Age causes a dramatic loss of synaptic on- and off-transients in Npc1a¹ mutant erg recordings compared with age-matched controls. Multi-lamellar bodies accumulate in intact cells and there is a high incidence of vacuoles in Npc1a¹ mutants. Npc1a¹ mutant photoreceptor terminals display very few capitate projection, consistent with a severe loss of synaptic transmission.

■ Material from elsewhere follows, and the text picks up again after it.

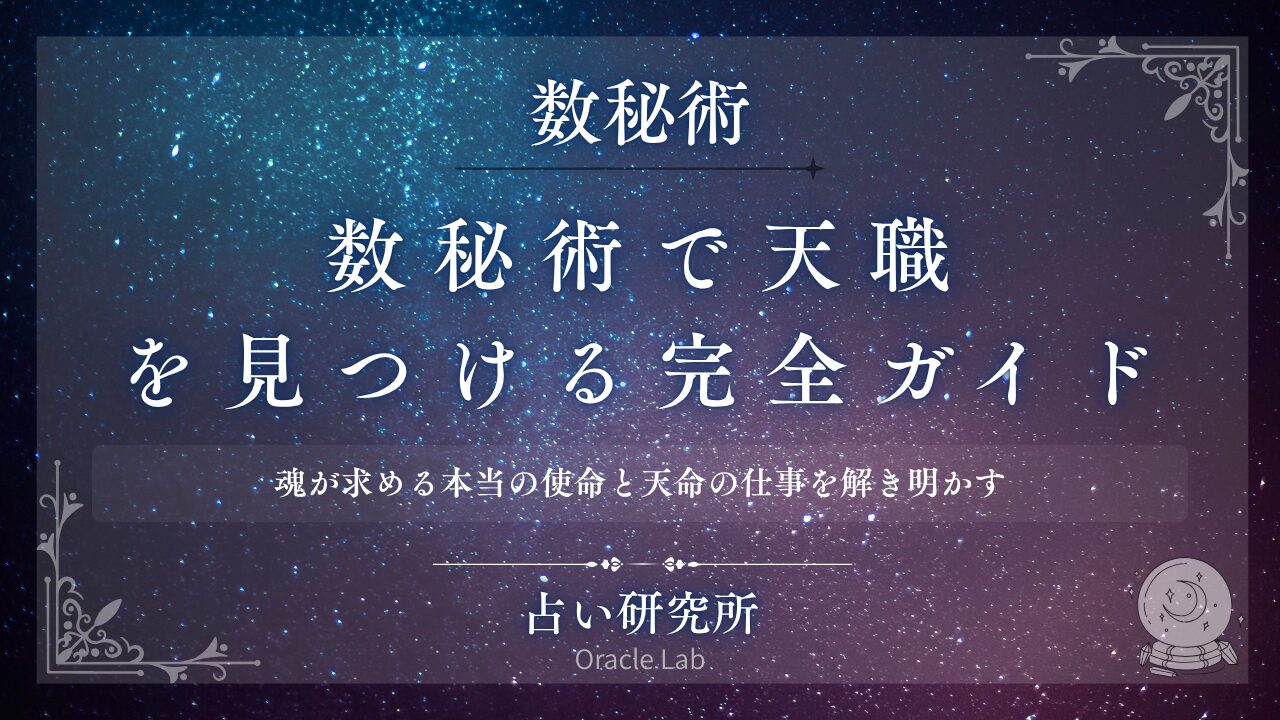 数秘術で天職を徹底解析。「天職がわからない」「魂が求める仕事を知りたい」「人生の使命を果たしたい」「天職に出会いたい」という悩みを、数秘術の視点から解決します。運命数1から9、マスターナンバー11・22・33それぞれの天職、天職と適職の違い、天職に出会うサイン、天職を見つける方法、天職で人生の使命を果たす秘訣、数秘術を活用した天職発見法まで網羅的に紹介。一般的なキャリア相談と専門的な数秘術天職鑑定の違いも比較し、あなたの運命数から天職を明確に特定し、魂が求める仕事に就き、人生の使命を果たすための実践的ロードマップをお届けします。

NPC1¹ mutants remain as first-instar larvae for a prolonged period before dying 90-192 hours AEL. The NPC1¹ first instar larvae show aberrant subcellular sterol accumulation. The first instar arrest can be partially rescued by feeding the larvae with 20E; when 20E is fed at 26 hours AEL, only 25% die during the first instar, 29% die during the transition to the second instar, 45% die in the second instar and 2% die in the third instar. When 20E is fed at 40 hours AEL, there is a weaker rescue. The first instar arrest can be significantly rescued by increasing the amount of cholesterol (which allows some survival to the pupal stage) or 7-dehydrocholesterol (which allows some survival to the adult stage) in the larval food. However, increasing the level of ergosterol, feeding larvae with desmosterol, or feeding with progesterone, does not rescue the larval lethality. Brains from 96 hour AEL NPC1¹ first-instar mutants show normal morphology with no evidence of neurodegenerative vacuoles.